Pulling out a full node with child nodes using XPath

2022-12-08 17:07 问答作者：

I'm using XPath to select an section from an HTML 开发者_如何学Gopage. However when I use XPath to extract the node, it correctly selects only the text surrounding the HTML tags and not the HTML tags themselves.

Sample HTML

<body>
    <div>
      At first glance you may ask, &#8220;what <i>exactly</i>
      do you mean?&#8221; It means that we want to help <b>you</b> figure...
    </div>
</body>

I have the following XPath

/body/div

I get the following

At first glance you may ask, “what do you mean?” It means that we want to help figure...

I want

At first glance you may ask, “what exactly do you mean?” It means that we want to help you figure...

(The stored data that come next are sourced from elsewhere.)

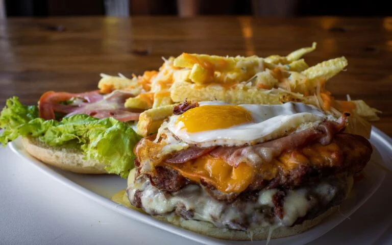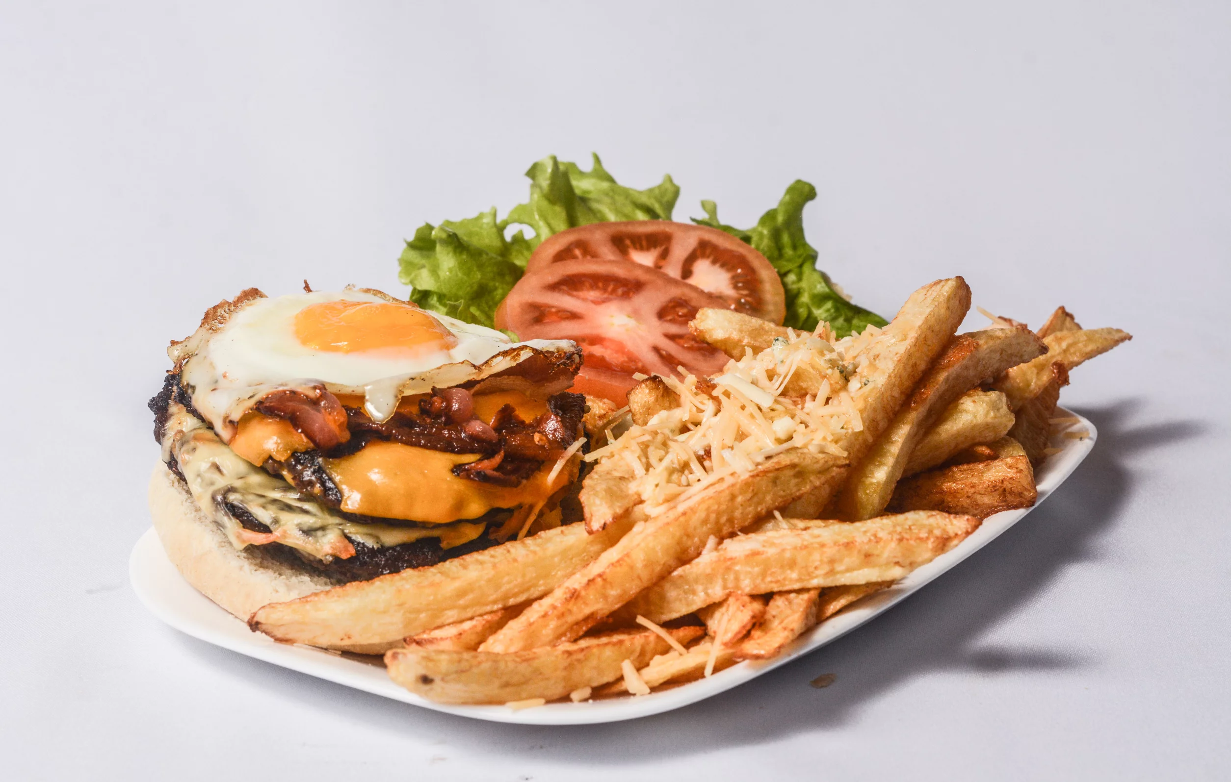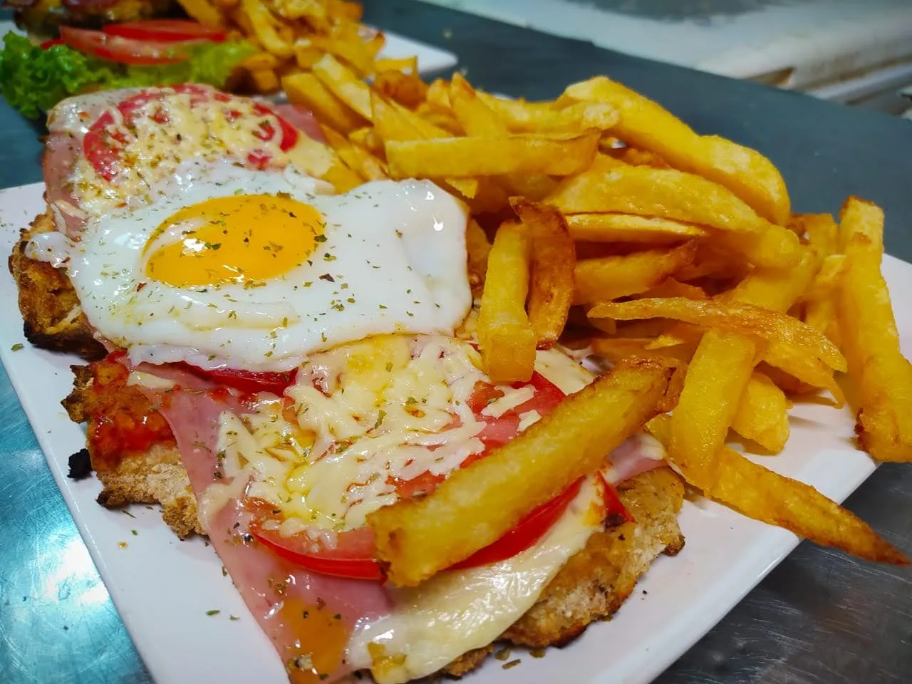 - 3 huevos fritos, panceta, morrones
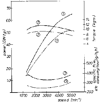 - Petrol: previous petrol carburetor retained or remounted. Maximum compression ratio e = 9.5 for premium, e = 7.5 for regular.
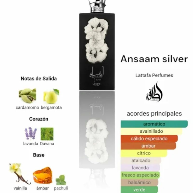 ANSAAM SILVER PRIDE de Lattafa es una fragancia que se destaca por su equilibrio de notas frescas y cálidas. Ideal para quienes buscan una esencia versátil y duradera. • Notas de Salida Cardamomo y Bergamota - En el Corazón Lavanda y Davana - De Fondo Vainilla, Ámbar y Pachulí.
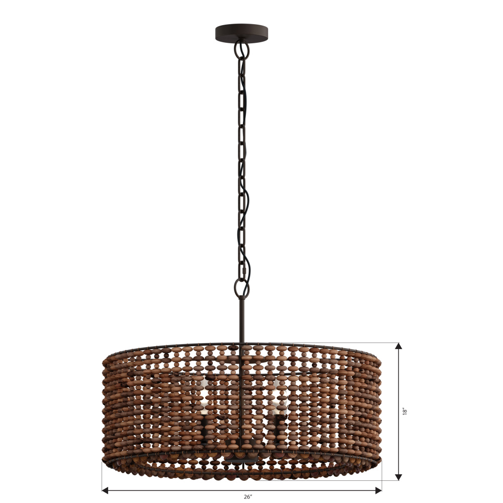 4-Light Pendant - Dark Bronze and Dark Brown Wood Beads
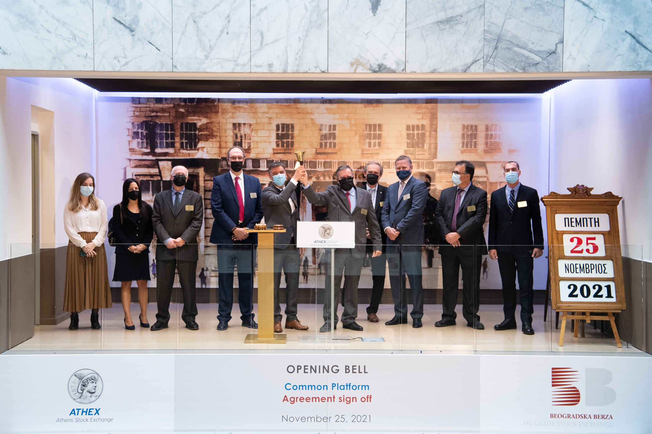 Υπεγράφη σήμερα, 25 Νοεμβρίου 2021, η Συμφωνία παροχής Συστημάτων και Υπηρεσιών με το Χρηματιστήριο Αξιών Βελιγραδίου (BELEX), που συνεπάγεται την μετάβαση της συναλλακτικής δραστηριότητάς του ως Λειτουργός της Αγοράς στην πλατφόρμα συναλλαγών του Χρηματιστηρίου Αθηνών (ΑΤΗΕΧ).
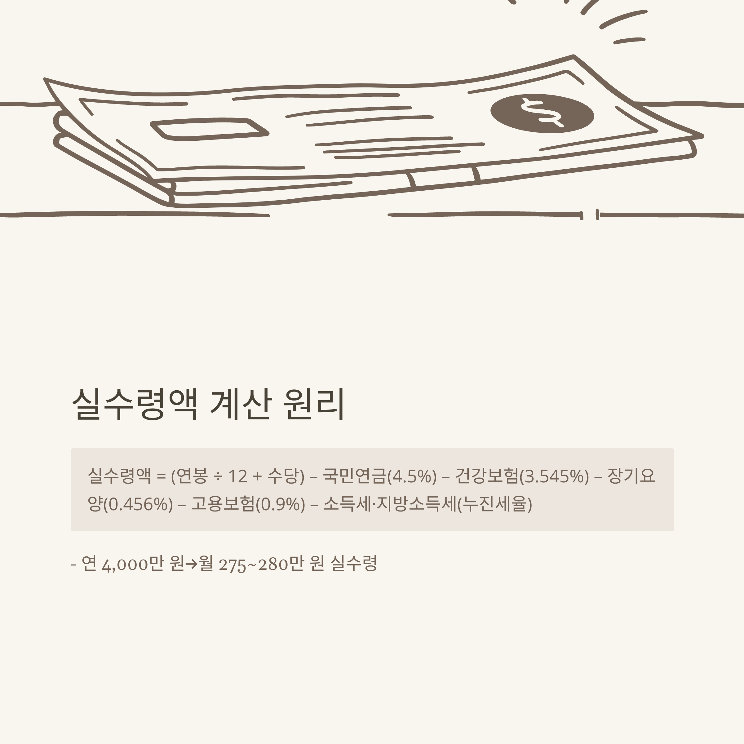 예를 들어 연봉 4,000만 원인 경우, 세후 월 실수령액은 약 275만~280만 원 수준이었습니다. 이건 제가 실제로 4대 보험과 세금이 모두 포함된 급여명세서를 보고 직접 계산해본 수치예요. 참고로 회사마다 비과세 항목이 어떻게 적용되는지에 따라 실수령액은 조금씩 달라질 수 있으니, 반드시 본인 상황에 맞춰 계산하는 것이 중요합니다. 국세청 소득세율표 바로가기

If you notice in the Sample HTML there is a  and  HTML tags in the content. The words within those tags are "lost" when I extract the content.

I'm using SimpleXML in PHP if that makes a difference.

Your XPath is fine, though you can remove the final /. as that's redundant:

/atom/content

All of the HTML is inside of a <![CDATA ]]> section so in the XML DOM you actually only have text there. The  and  tags will not be parsed as tags but will just show up as text. Using a CDATA section is exactly the same as if your XML were written like this:

<atom>
    <content>
      At first glance you may ask, &amp;#8220;what &lt;i&gt;exactly&lt;/i&gt;
      do you mean?&amp;#8221; It means that we want to help &lt;b&gt;you&lt;/b&gt; figure...
    </content>
</atom>

So, it's whatever you're doing with the <content> element afterwards that's dropping those tags. Are you later parsing the text as HTML, or running it through a filter, or something like that?

SimpleXML doesn't like text nodes so you'll have to use a custom solution instead.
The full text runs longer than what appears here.